*** DATA UNDER STUDY ***

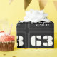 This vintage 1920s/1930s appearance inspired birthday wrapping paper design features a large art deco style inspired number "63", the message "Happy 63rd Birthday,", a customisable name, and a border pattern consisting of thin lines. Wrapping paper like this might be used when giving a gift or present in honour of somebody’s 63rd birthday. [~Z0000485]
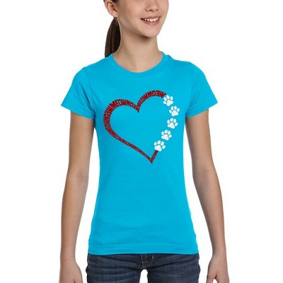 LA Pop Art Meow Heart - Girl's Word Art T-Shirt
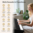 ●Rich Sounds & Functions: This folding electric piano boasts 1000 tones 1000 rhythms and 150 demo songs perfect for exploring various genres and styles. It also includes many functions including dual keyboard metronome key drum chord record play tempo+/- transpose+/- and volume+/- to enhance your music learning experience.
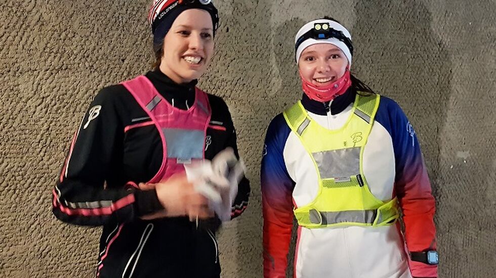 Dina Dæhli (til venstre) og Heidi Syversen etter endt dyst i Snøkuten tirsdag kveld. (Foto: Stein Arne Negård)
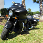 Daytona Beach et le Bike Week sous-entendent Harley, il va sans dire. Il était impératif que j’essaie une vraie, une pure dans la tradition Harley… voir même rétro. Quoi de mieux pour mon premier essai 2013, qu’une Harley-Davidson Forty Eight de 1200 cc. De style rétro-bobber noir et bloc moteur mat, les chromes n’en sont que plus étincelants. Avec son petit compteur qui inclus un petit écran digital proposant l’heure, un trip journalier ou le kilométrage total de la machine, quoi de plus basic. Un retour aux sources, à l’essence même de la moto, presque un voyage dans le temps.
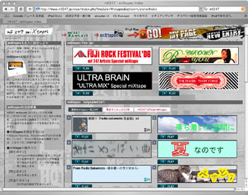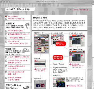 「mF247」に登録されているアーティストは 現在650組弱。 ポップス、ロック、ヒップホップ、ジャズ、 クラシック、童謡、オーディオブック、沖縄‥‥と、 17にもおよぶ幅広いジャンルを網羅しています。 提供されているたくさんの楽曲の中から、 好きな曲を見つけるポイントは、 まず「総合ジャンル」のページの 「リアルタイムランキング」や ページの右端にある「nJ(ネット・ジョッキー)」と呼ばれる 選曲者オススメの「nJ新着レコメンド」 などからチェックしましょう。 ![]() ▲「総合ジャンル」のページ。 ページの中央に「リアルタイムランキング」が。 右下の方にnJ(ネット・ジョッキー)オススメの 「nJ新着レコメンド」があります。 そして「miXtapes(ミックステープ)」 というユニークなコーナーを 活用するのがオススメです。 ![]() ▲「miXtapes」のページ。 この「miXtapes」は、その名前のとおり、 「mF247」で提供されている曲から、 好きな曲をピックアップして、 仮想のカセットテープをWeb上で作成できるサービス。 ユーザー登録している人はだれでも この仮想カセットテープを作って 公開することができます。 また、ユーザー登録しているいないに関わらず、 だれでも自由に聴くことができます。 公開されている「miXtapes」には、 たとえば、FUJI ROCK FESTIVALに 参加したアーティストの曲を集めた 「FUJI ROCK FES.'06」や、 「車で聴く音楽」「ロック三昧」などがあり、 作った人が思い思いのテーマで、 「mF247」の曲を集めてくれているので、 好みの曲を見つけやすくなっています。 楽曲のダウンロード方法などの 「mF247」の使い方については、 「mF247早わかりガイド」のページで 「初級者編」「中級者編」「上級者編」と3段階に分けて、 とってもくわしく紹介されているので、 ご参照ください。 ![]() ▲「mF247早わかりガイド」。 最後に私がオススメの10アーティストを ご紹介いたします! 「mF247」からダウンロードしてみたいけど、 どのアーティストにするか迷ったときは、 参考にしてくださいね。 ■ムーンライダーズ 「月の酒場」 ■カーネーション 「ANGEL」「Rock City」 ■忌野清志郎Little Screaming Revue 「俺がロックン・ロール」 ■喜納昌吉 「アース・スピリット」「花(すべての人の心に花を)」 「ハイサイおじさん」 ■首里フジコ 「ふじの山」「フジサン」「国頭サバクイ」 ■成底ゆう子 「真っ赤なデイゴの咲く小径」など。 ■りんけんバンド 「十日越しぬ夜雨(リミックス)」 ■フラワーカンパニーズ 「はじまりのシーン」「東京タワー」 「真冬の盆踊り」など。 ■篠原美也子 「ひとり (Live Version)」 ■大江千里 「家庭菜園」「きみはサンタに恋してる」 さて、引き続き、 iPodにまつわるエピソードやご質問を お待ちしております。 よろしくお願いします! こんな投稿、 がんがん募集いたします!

***
*** DATA UNDER STUDY ***

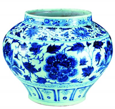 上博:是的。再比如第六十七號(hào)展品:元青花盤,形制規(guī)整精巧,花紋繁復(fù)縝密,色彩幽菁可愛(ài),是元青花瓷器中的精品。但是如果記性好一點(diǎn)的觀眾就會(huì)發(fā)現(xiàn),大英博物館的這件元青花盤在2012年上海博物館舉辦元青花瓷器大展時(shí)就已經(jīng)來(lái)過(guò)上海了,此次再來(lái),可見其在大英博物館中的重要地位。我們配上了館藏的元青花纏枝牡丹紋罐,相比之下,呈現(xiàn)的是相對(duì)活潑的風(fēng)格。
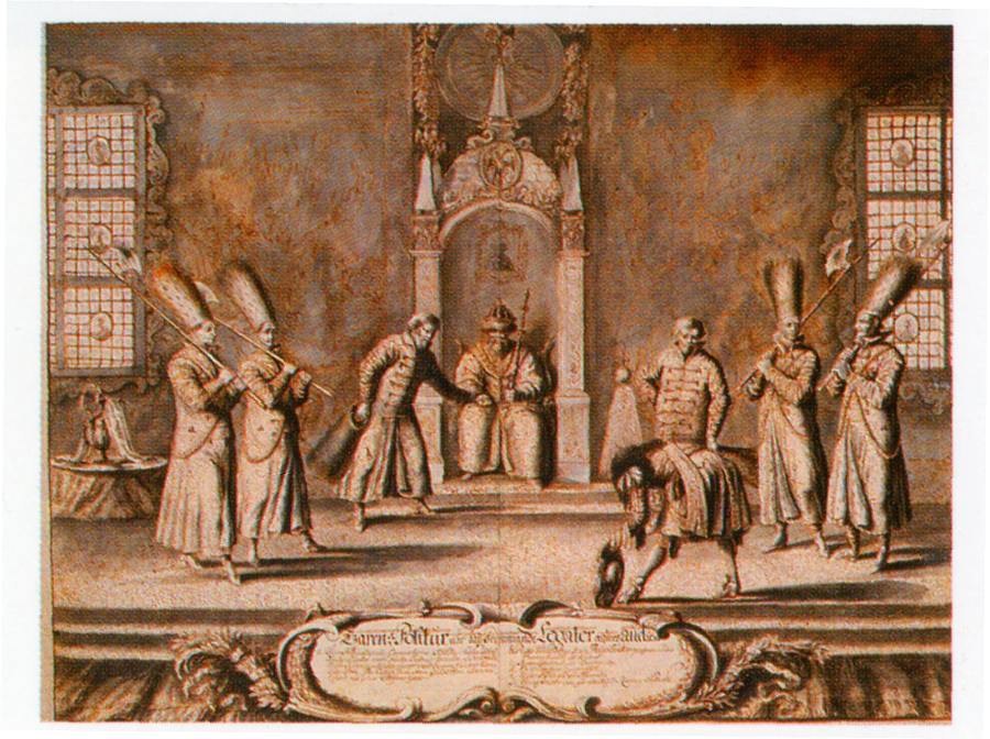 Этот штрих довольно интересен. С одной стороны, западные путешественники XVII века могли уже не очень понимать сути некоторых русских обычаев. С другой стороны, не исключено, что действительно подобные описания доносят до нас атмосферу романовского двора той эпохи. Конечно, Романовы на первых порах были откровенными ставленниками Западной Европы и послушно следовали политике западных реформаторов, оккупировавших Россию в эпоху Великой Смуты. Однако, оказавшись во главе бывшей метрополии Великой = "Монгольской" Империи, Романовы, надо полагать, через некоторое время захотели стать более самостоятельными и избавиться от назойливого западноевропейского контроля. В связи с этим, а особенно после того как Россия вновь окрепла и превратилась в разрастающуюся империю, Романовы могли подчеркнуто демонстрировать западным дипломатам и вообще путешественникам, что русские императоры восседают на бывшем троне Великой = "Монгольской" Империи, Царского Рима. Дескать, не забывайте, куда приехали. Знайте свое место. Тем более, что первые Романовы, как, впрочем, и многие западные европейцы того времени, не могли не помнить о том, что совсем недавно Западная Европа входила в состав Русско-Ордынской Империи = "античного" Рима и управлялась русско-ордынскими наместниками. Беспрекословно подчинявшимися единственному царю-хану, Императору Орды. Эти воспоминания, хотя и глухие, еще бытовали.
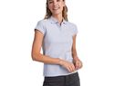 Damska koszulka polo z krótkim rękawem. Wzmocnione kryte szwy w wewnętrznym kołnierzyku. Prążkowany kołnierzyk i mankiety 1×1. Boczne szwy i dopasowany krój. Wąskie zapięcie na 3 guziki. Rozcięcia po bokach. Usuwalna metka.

***
*** DATA UNDER STUDY ***

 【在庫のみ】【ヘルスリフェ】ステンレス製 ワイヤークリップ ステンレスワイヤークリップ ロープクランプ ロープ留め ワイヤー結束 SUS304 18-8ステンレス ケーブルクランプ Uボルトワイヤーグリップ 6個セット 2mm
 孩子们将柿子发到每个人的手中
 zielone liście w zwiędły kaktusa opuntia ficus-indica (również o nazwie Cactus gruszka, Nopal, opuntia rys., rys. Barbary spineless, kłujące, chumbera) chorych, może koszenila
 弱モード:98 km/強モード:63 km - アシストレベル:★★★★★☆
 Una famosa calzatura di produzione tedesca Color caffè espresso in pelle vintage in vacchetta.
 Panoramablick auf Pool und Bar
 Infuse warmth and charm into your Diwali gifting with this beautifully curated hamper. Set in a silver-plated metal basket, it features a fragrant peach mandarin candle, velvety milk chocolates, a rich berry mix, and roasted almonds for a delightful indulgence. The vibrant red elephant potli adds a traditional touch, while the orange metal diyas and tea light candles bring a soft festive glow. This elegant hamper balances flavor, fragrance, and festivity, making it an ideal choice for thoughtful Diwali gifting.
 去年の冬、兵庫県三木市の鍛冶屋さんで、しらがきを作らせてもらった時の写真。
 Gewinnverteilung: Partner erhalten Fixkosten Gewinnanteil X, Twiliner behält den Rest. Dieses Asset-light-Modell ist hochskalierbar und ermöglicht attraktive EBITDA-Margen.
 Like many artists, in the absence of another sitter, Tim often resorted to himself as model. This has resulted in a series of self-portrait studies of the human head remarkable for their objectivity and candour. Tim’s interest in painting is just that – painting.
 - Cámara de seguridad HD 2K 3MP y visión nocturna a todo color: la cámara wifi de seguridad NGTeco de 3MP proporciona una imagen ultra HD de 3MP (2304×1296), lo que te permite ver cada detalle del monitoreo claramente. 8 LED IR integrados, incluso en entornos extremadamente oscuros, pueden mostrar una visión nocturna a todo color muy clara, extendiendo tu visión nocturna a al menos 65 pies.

***

> **ACTIVITY**
Start with the line above containing "This vintage 1920s/1930s" and end with the line containing "music learning experience.". Set down that stretch exactly, without any pictures.

> **TASK RESPONSE**
 This vintage 1920s/1930s appearance inspired birthday wrapping paper design features a large art deco style inspired number "63", the message "Happy 63rd Birthday,", a customisable name, and a border pattern consisting of thin lines. Wrapping paper like this might be used when giving a gift or present in honour of somebody’s 63rd birthday. [~Z0000485]
 LA Pop Art Meow Heart - Girl's Word Art T-Shirt
 ●Rich Sounds & Functions: This folding electric piano boasts 1000 tones 1000 rhythms and 150 demo songs perfect for exploring various genres and styles. It also includes many functions including dual keyboard metronome key drum chord record play tempo+/- transpose+/- and volume+/- to enhance your music learning experience.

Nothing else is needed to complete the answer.